The grass is greener on whatever side of the fence you water it. Stay in your own yard. Trespassers get shot in my yard.
The way my life is now if I threw caution to the wind it would just throw it back.
Cop: Know why I pulled you over?
“No”
Cop: *points* Your buck naked
[turns to deer in passenger seat] “Jesus Frank, put your fur back on”
Me, yelling my head off every day.
14 yo son: Sorry, I didn’t hear you.Pizza delivery driver exhales at front door two floors down from bedroom.
14 yo: Pizza’s here.
[first day as marriage counselor]
HER: we’re trying to have a baby
ME: ok I’ll step outside
me, several minutes after lying about being able to fly a hot air balloon: im just gonna go this way
Another normal evening
Cook food – 30 minutes
Eat it – 5 minutes
Check Facebook – 1 minute
Check Twitter – 8 hours
If you carry a clipboard, you can call it “research” instead of stalking.
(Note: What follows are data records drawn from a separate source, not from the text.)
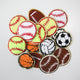 Celebrate your love for the game with this dynamic collection of sports-themed patches! Featuring vibrant designs of baseballs, softballs, footballs, soccer balls, basketballs, and volleyballs, each patch is beautifully detailed with bold stitching and a shimmering gold trim.
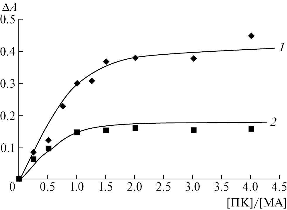 Рис. 3. Кривые насыщения смеси ПК с МА. ПК+Ind (1), ПК+Tyr (2); CПК = 1.0×10–4моль/л, CМА = 1.0×10–4моль/л, 25 °С, l = 1.0 см, растворитель – вода
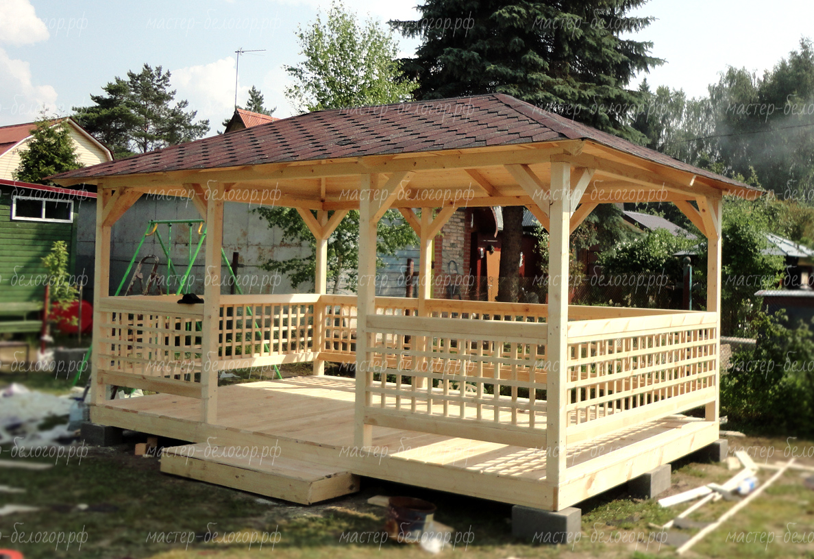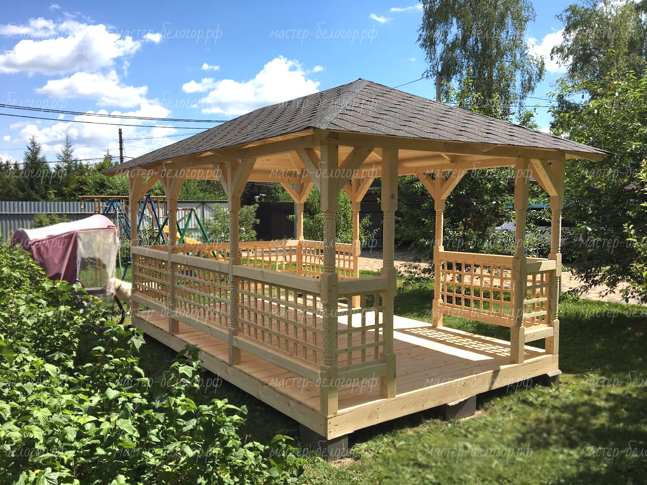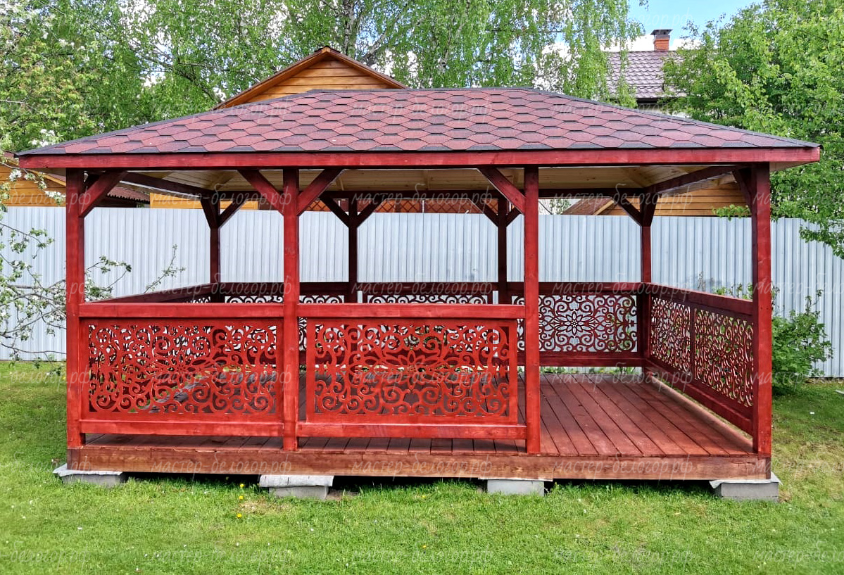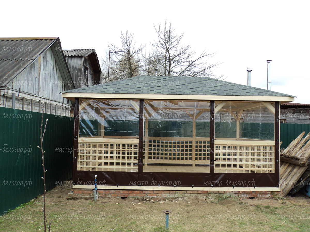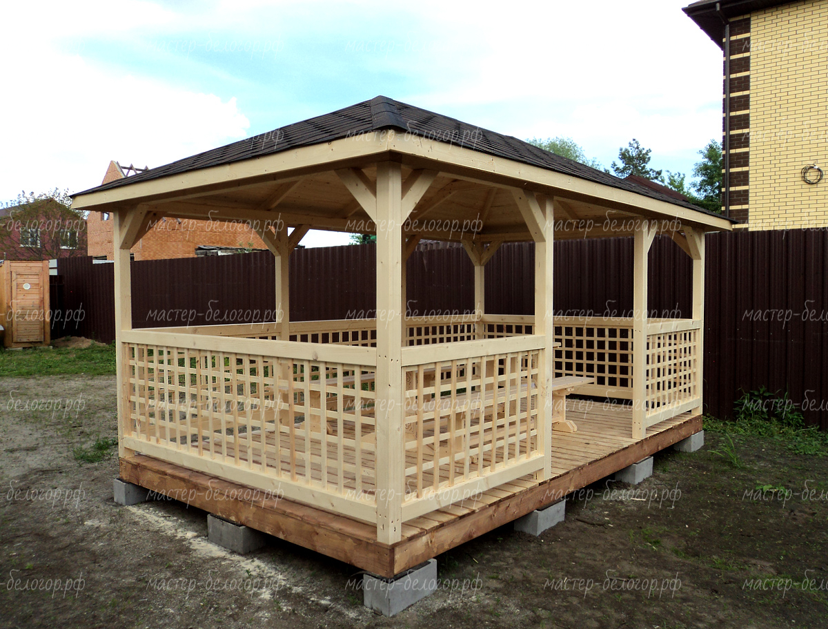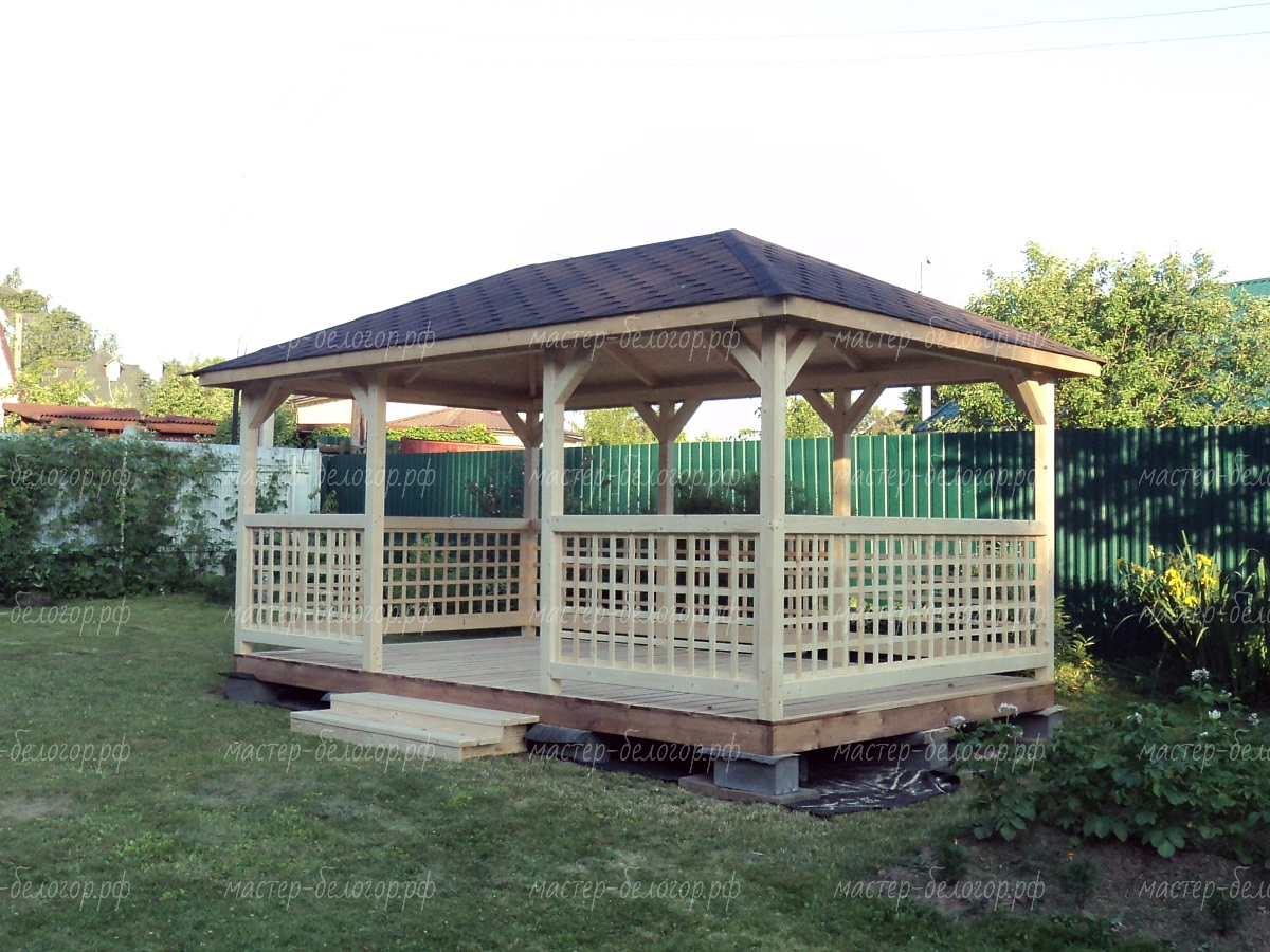 4х-гранная крыша,мягкая кровля.СТОЛБЫ.ПОДИУМ
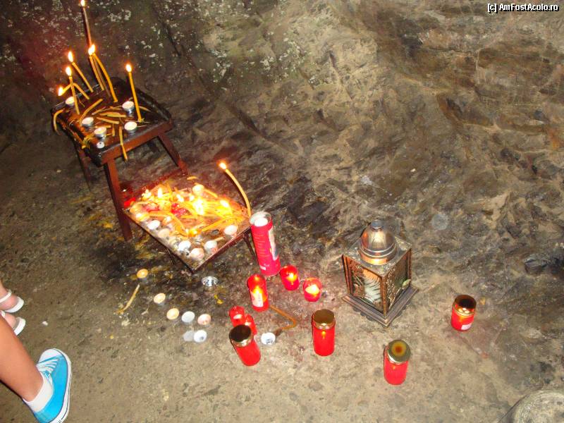 [P30] Mănăstirea Prislop: suport improvizat pentru lumânări în Peștera Cuviosului Sihastru Ioan de la Prislop
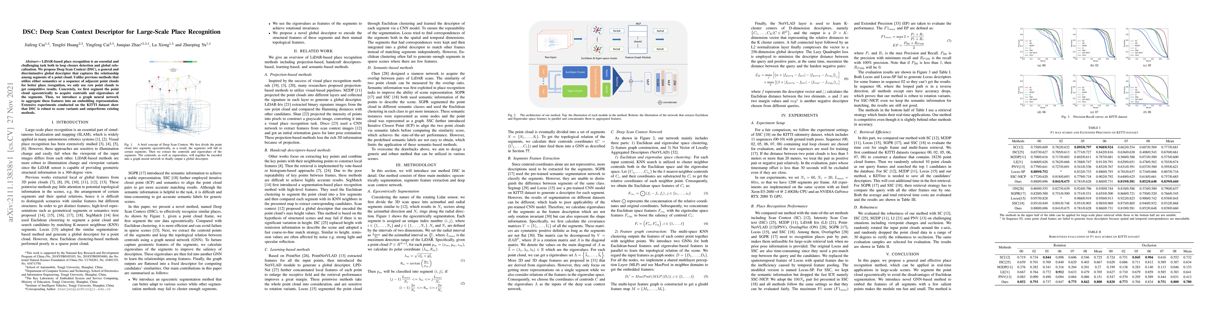 The paper proposes Deep Scan Context (DSC), a novel LiDAR-based global descriptor for place recognition using raw point clouds. DSC segments point clouds to extract features and employs a graph neural network for robust embedding, outperforming existing methods on the KITTI dataset.

I spent tonight convincing my toddler that naps are different than sleep so even if she won’t go to sleep she can at least nap, what I’m saying is, don’t mess with moms, we got game
Would like to think i’m a chill person but i did a jigsaw puzzle the other day with people who had bad puzzle etiquette and i nearly put my fist through the glass top of the coffee table.
There are so many of you I would love to hug and like two that I’m afraid they’d make me into a lampshade
Famous people could rob banks wearing masks of themselves and they’d never get caught.
I went on 3 dates with Elijah Wood before I realized he wasn’t Daniel Radcliffe
Officer: It seems you have been drinking. Could you say the alphabet starting with the letter M?
No problem: Malphabet.
imagining an 18 year old X Æ A-12 trying to think of an online password but just using his name
[describing criminal to sketch artist]
Make his ears more lethargic. That’s better, now flare his nostrils like he’s excited about a sale.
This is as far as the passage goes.